The boys were inside while we were outside.

When Declan’s mom pulled up outside Pennington minutes later, I heard myself asking them to take me with them. I remember their laughs. Declan gave me a hug with both hands. He was wearing the same grey hoodie he wore the first night he carried me down the fire escape. He said something I can’t recall, but I can still remember all I need to remember: the security of Declan’s embrace, imprinted and embodied.

I have only another decade or so to decide whether or not our boy should go to The Prep. He will get the legacy boost. Maybe a scholarship too. Bella and I have already begun talking about this future. She tells me we have time; then I watch her grow bigger. Sometimes, when I need to think about the future alone, I still climb to the roof of my apartment complex to feel my legs shake again. There are no gardens below to catch me, only asphalt and parking meters and cars. Sometimes, I stand on my tiptoes and, when I do, St. Thomas Prep’s school song rings in my head.
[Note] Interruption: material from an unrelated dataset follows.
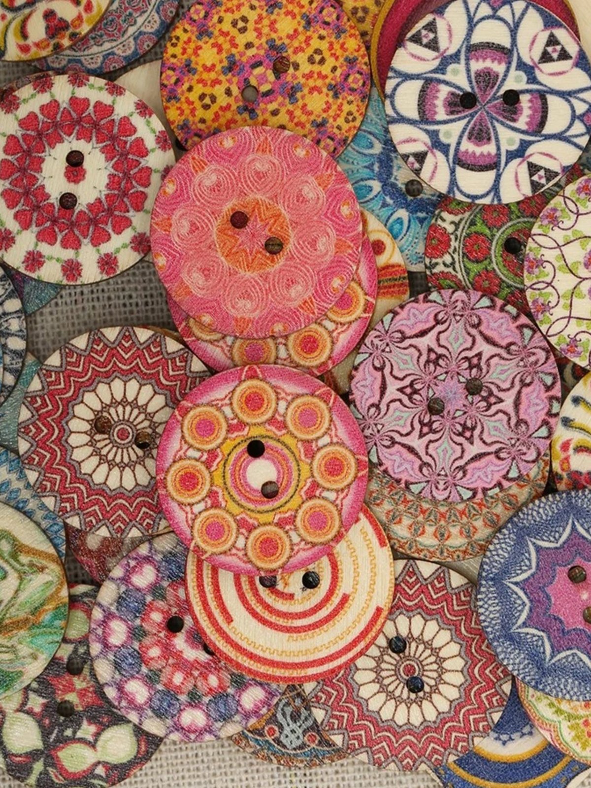 50 pieces of 25mm multicolor wooden buttons round sewing buttons for DIY woven bags, hats and decorations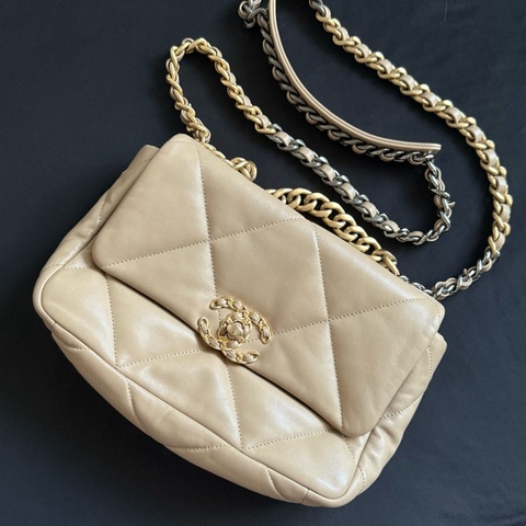 Chanel 19bag 奶茶金扣中號

I still hear the boys. They are shouting the finale: ad astrahhh! per asperahhh! The boys shout louder than car horns barking at the edge of my peripheral vision. The noise always becomes just a bit too loud, so I come back inside.

Our apartment smells like lavender and chrysanthemum. I rub Bella’s feet with cocoa butter lotion to alleviate her pain. I lift her belly to hold, for a moment, the weight she carries. I place my hands on her hips like I had at prom, and we sway to twinkling jazz instrumentals. Our bodies converge. Our heat is collective. Our boy blossoms in the pauses between notes, in the space where someone might sing.